Additional information
spain15_decastellarnau.pdf

Content analysis with Stata

Modesto Escobar
Universidad de Salamanca
José L. Alonso Berrocal
Universidad de Salamanca
Content analysis is a technique used in the social sciences for the systematic study of the contents of the communication. In this presentation, we discuss a couple of useful programs for statistical analysis of texts. The first (precoin) splits the text into words or groups of words to form an incidence matrix. The second (coin) works with this matrix and produces frequencies, co-occurrences, multivariate statistical measures of centrality and distance, and various types of graphs.
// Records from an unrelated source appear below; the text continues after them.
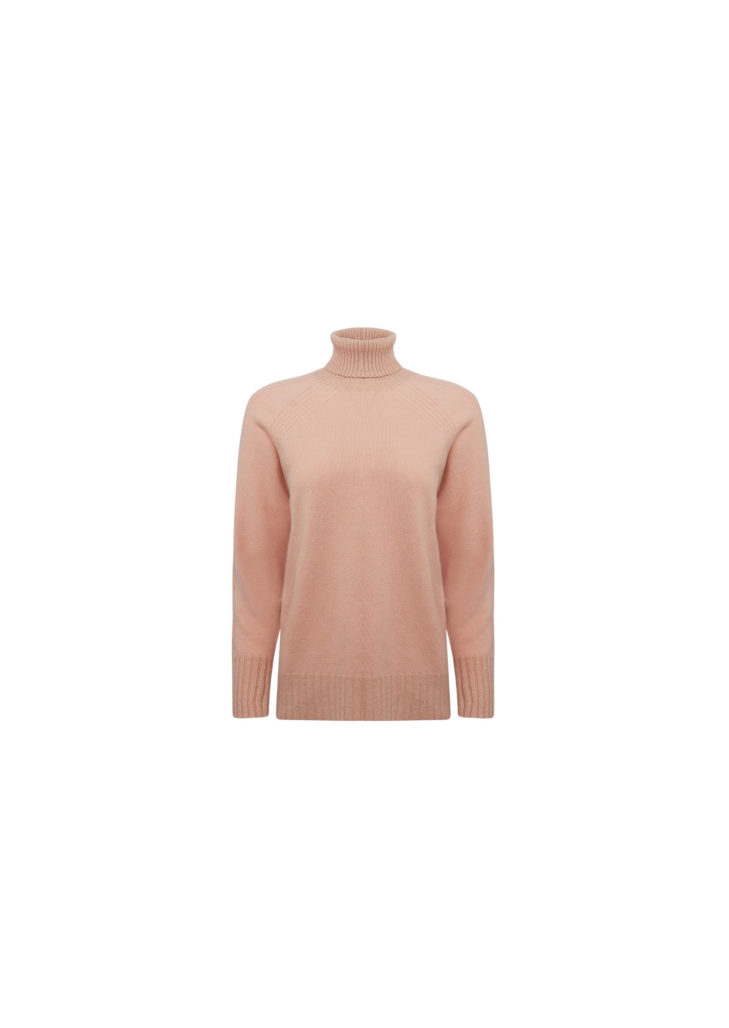 Свитер из сочетания натуральной шерсти и кашемира дополнен воротником-стойкой, длинными рукавами и отделкой в рубчик.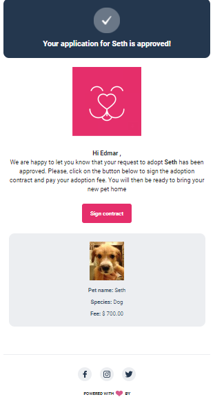 When approved for adopting a pet, for instance, you will receive an email regarding the signature of your adoption contract and payment of the pet's adoption fee, if there is any.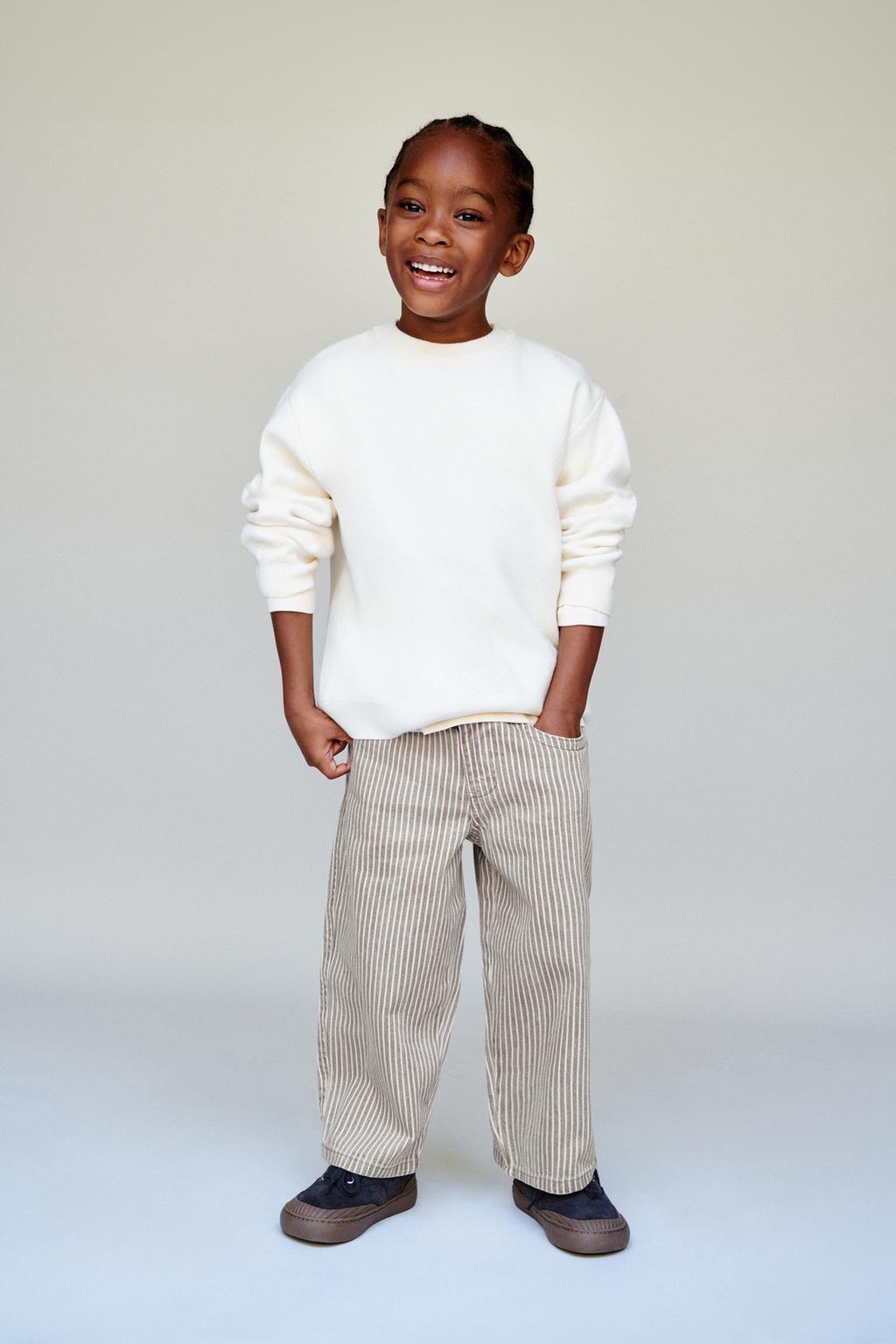 Брюки в стиле baggy с эластичным поясом и застежкой на кнопку спереди. Передние и задние накладные карманы. В полоску.
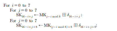 SubKey[16*i+j] = MasterKey[ j-i mod 8 ] ⊞ delta[16*i+j+8]
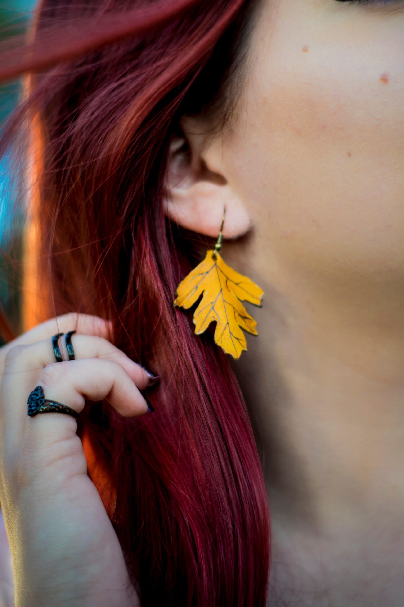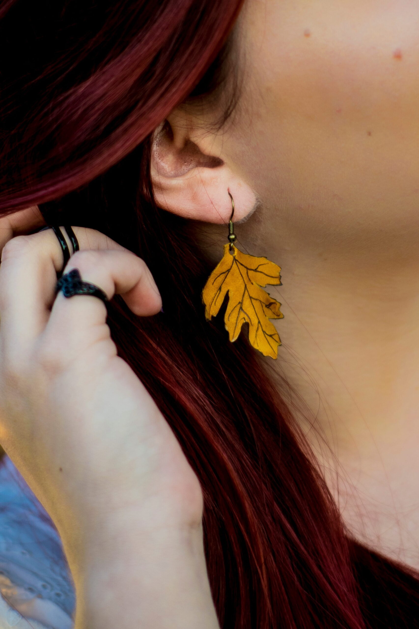 Boucles d’oreille en cuir, en forme de feuille d’aubépine. Pour les créer, je m’inspire des vraies feuilles que trouve dans mes balades.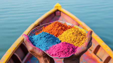 Close-Up of Hands Holding Vibrant Holi Powder on a Boat. Concept of Cultural Celebration, Colorful Traditions.
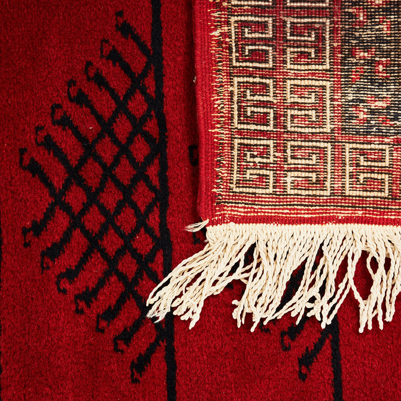ORIENTMATTA. Ull på bomullsvarp, röd bottenfärg.

We present, as examples of its use, an analysis of a sample of tweets and another analysis of open-ended answers from a questionnaire.

Additional information
spain15_escobar.pdf

Wishes and grumbles

StataCorp
StataCorp staff will be happy to receive wishes for developments in Stata and almost as happy to receive grumbles about the software.

Scientific organizers

Modesto Escobar, Universidad de Salamanca

Alexander Zlotnik, Polytechnic University of Madrid and Hospital Universitario Ramón Cajal

Logistics organizers

Timberlake Consulting S.L., the official distributor of Stata in Spain.